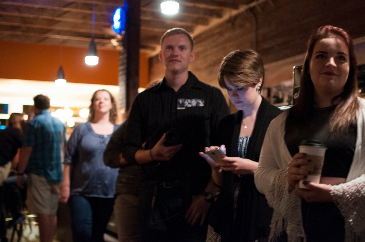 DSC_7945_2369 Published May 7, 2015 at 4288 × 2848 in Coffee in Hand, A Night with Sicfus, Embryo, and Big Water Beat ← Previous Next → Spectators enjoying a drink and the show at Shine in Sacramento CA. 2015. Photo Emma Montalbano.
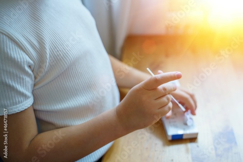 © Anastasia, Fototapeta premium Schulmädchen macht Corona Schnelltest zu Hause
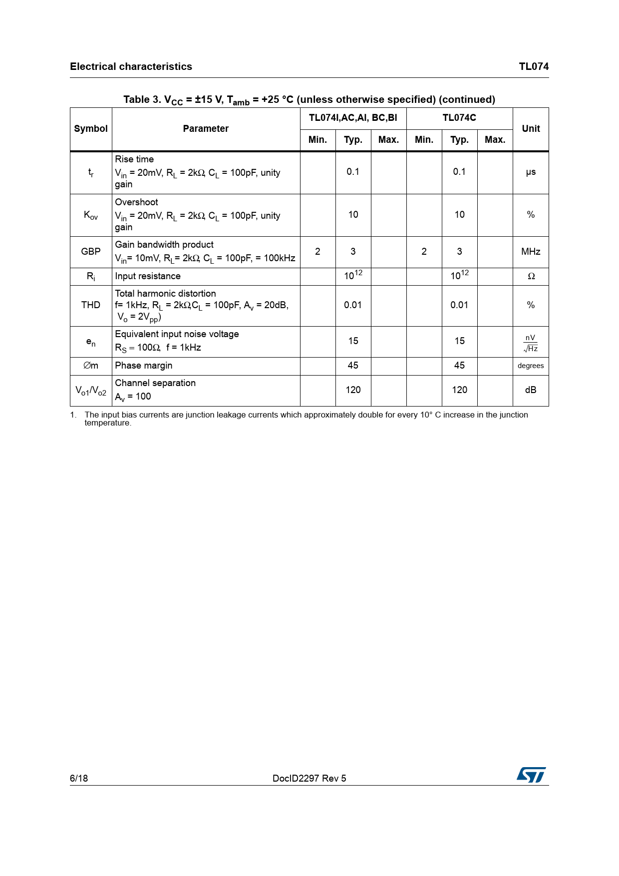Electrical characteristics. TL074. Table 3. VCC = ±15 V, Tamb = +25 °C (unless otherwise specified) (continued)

## [How to complete this task]
Reproduce the lines from the one with "Schnelltest zu Hause" through the end of the data, keeping both end lines, adding nothing, and dropping any pictures.

## [Result for this exercise]
 © Anastasia, Fototapeta premium Schulmädchen macht Corona Schnelltest zu Hause
Electrical characteristics. TL074. Table 3. VCC = ±15 V, Tamb = +25 °C (unless otherwise specified) (continued)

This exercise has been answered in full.